Merhy (1998) aponta que para um modelo centrado no usuário e comprometido com a defesa da vida, torna-se necessário um reordenamento das relações estabelecidas entre as tecnologias praticadas na produção de cuidado. Considerando que a tecnologia leve não é específica de nenhuma área profissional, esta deve servir de base para a atuação de todos os trabalhadores em saúde. O autor afirma que independente da função desempenhada, os profissionais enquanto produtores de atos de saúde devem ser considerados sempre como operadores de cuidado e para isso, deveriam ser capacitados de modo a atuar especificamente no âmbito das tecnologias leves, na forma de produzir acolhimentos, responsabilizações e estimular a criação de vínculos.

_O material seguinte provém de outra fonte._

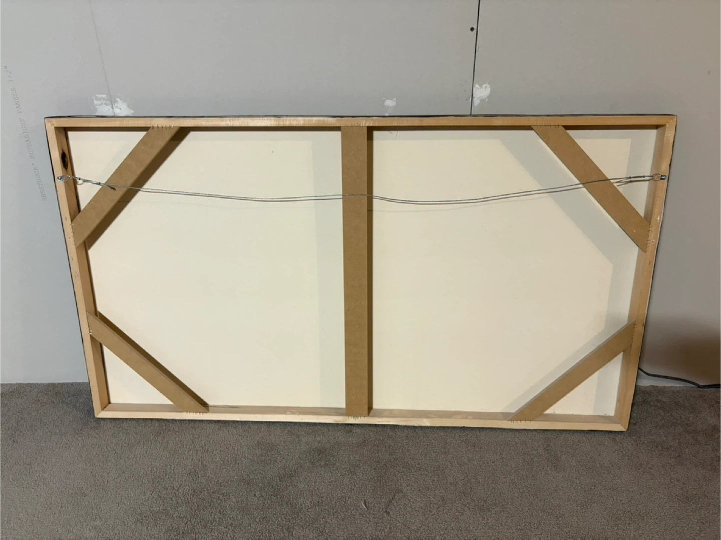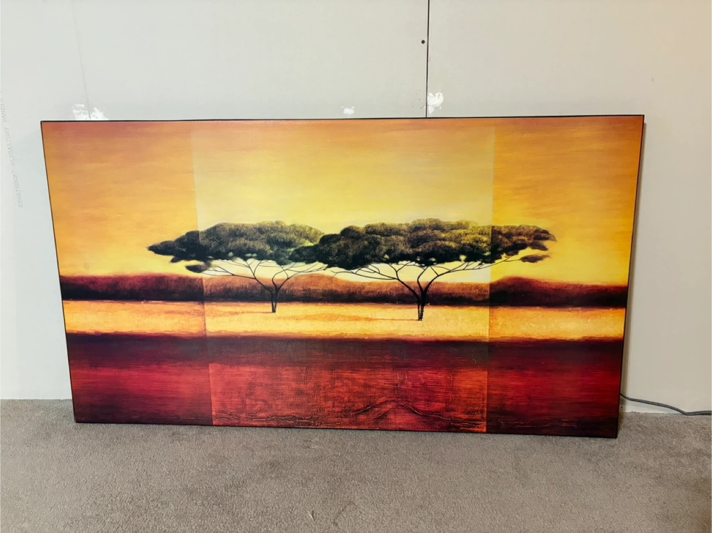 Beautiful framed landscape painting featuring trees against a warm, sunset-like backdrop. It's a large piece, perfect for adding a touch of nature to your living room or office. The frame is sturdy and the painting is in great condition!
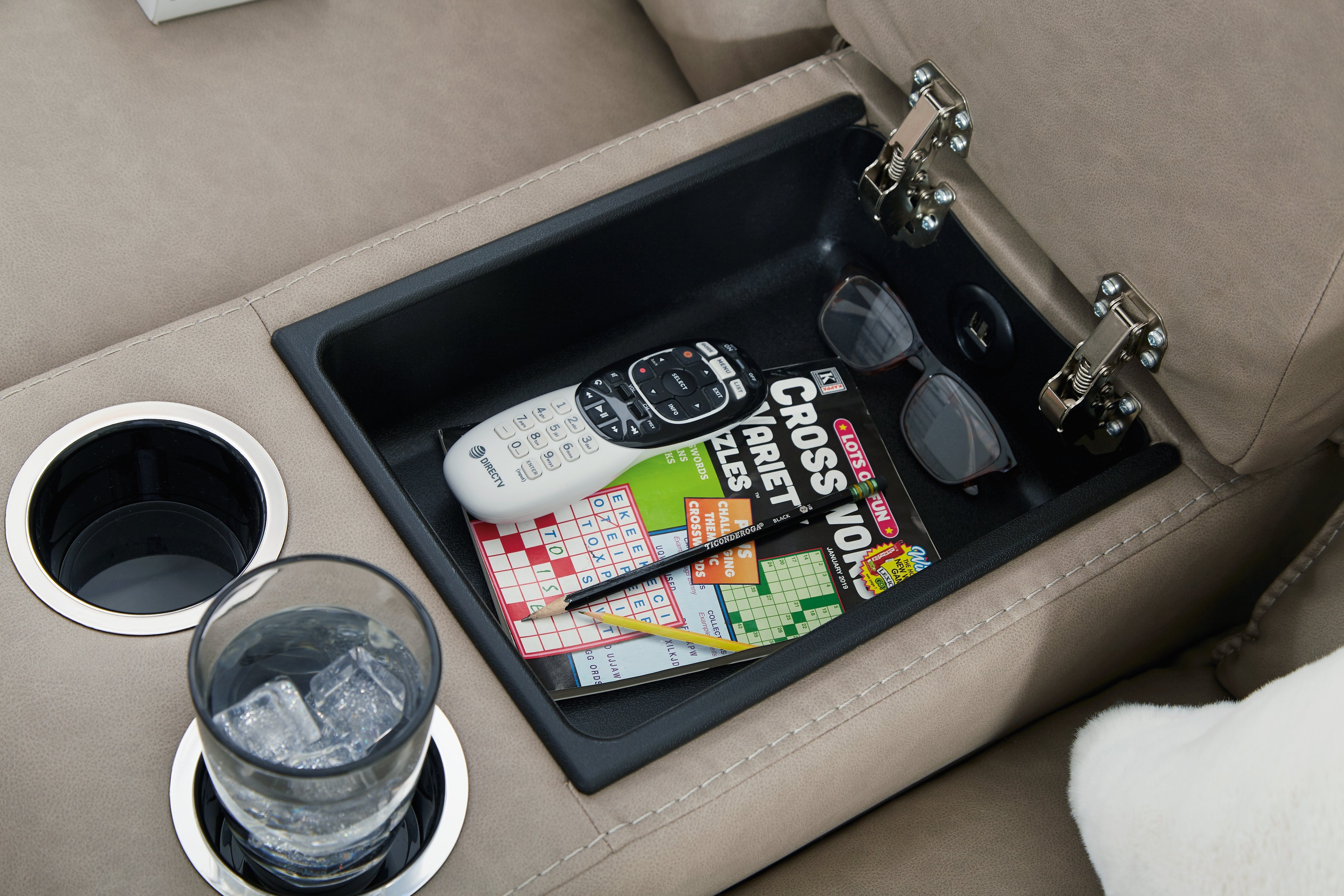 • Upholstery Features: Cup Holder • Drop Down Table • Jumbo Stitch • Reclining • Storage • USB Port/Charger • Manual Reclining
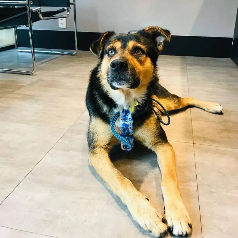 Tadeuzinho me seguiu até o trabalho em uma segunda-feira. Levamos ele ao veterinário, e ele ficou conosco durante 1 mês. Foi adotado por uma familia, mas acabou não dando certo e voltou. Apesar de ser muito amado por todos a maioria dos funcionários já tem um animalzinho, ou falta espaço para ter um.
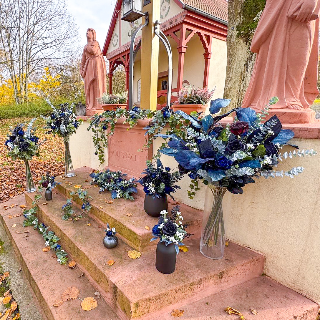 Wenn florale Kunst auf zeitlose Eleganz trifft! Für eine traumhafte Hochzeit in Südfrankreich auf einer idyllischen Halbinsel durften wir die komplette Floristik gestalten. Die Feier fand Mitte November statt – eine Zeit, in der sich Eleganz und Tiefe in der Farbgestaltung besonders wirkungsvoll entfalten. Die Kundin wünschte sich ein modernes, edles Konzept in Schwarz und Dunkelblau, ergänzt durch feine weiße Akzente für einen klassischen Hochzeitseindruck. Alle dunkelblauen Elemente erhielten eine samtige Oberfläche, die besonders in der kühleren Jahreszeit eine edle, warme Wirkung entfaltet. Wollen auch Sie Ihre Hochzeit mit künstlichen Blumen feiern? Shop the Look!
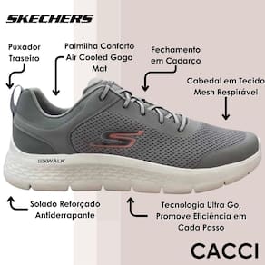 Já o solado de tração em borracha flexível, traz uma naturalidade de movimentos em cada passada. Não perca a oportunidade e aproveite para conhecer de perto o padrão Skechers.
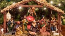 Композиция, пресъздаваща библейската сцена от раждането на Исус, на бетонна стена, пронизана от снаряд - това е най-новата творба на "уличния" художник Банкси.
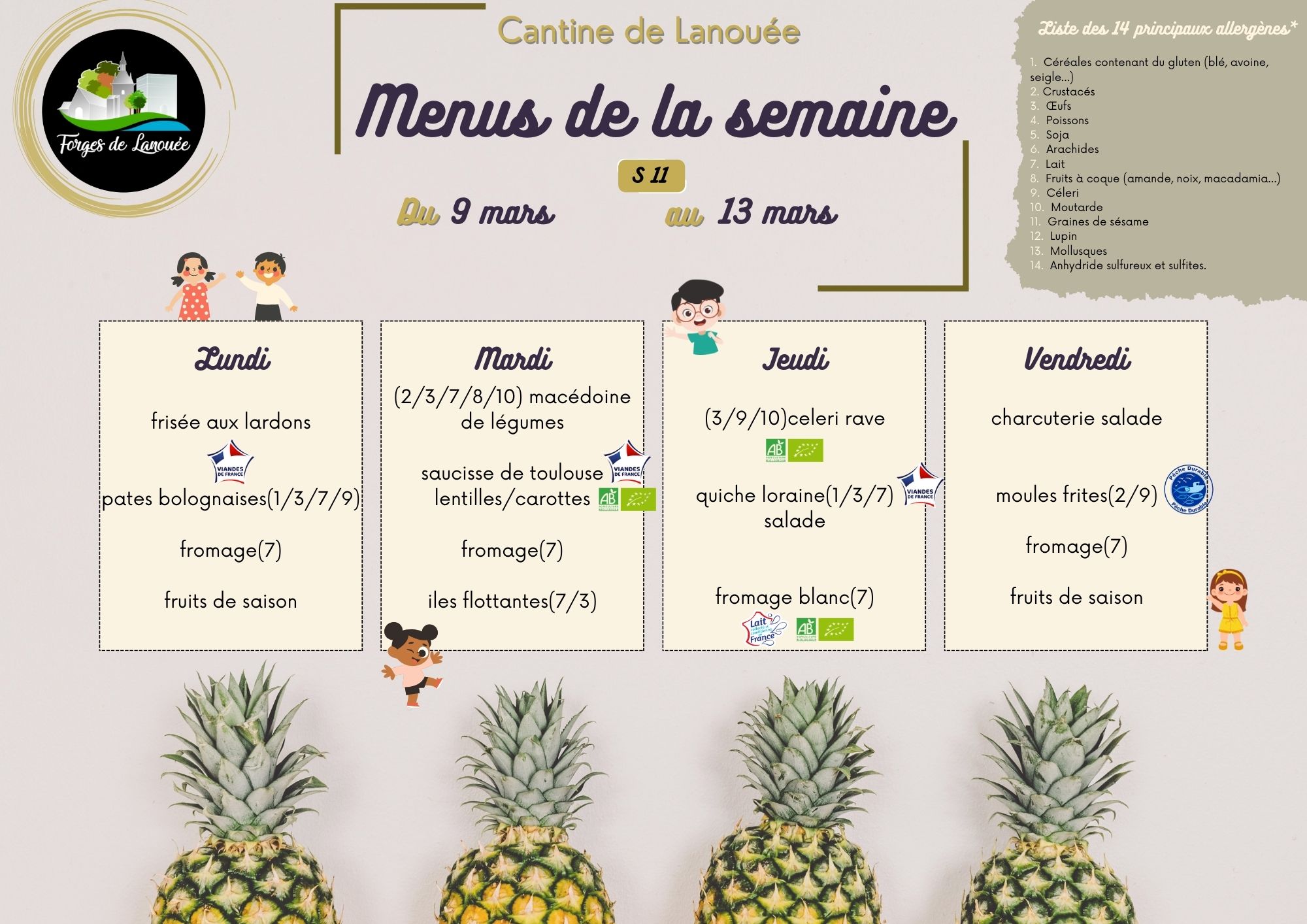 Retrouvez ici les menus de la cantine :
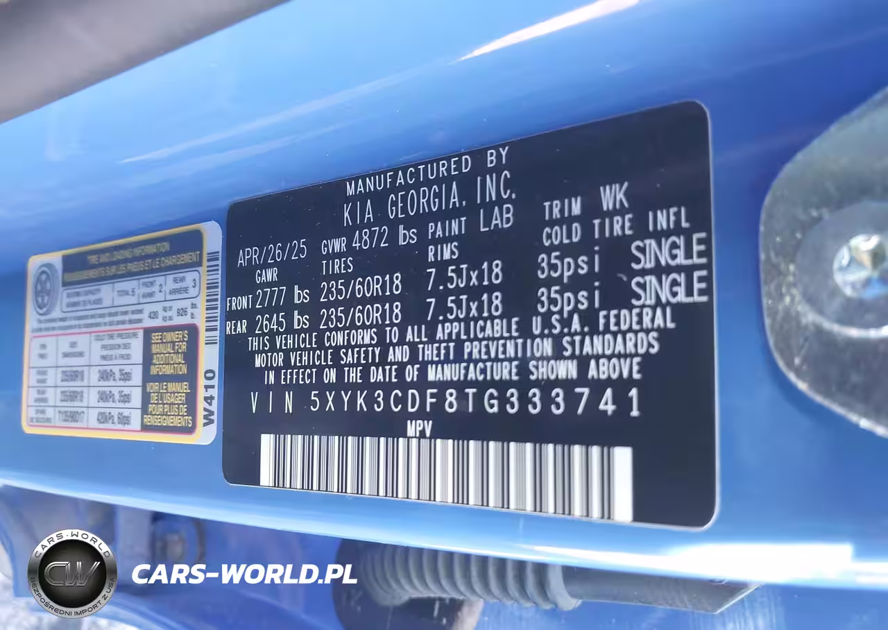 IAAI Nr: I-43947911 VIN: 5XYK3CDF8TG333741 Port: Indianapolis, IN
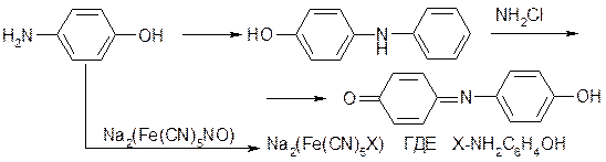 Предполагалось, что добавляемый в раствор нитропруссид натрия служит в этих процессах катализатором, однако наши исследования показали, что он вступает в реакцию с парааминофенолом с образованием продукта, имеющего также синюю окраску. Реакция идет в обоих направлениях, и в результате интенсивность получаемой окраски возрастает и повышается чувствительность метода:
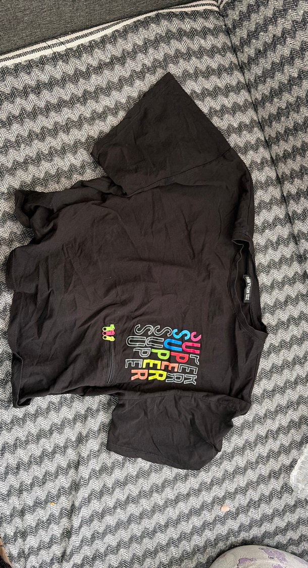 Renkli baskılı yazılı, kısa kollu, bisiklet yaka siyah hamile tişörtü. Yumuşak ve sıcak kumaştan, rahatlık için bol kesim ve fermuar detaylı.

Na discussão acerca do cuidado perpassa a idéia de manutenção e promoção de saúde e prevenção de agravos que possam vir a comprometê-la. O processo de cuidado, quando operado por profissionais que baseiam suas intervenções nas tecnologias leves, ou seja, que priorizam as relações em ato, parece atingir em algum grau o usuário atendido e mobilizá-lo de modo promover uma diferente maneira de gerenciar sua saúde. Deste modo, torna-se possível pensar em atribuições plausíveis das influências da vinculação com profissionais cuidadores no modo do usuário operar o seu próprio cuidado em saúde.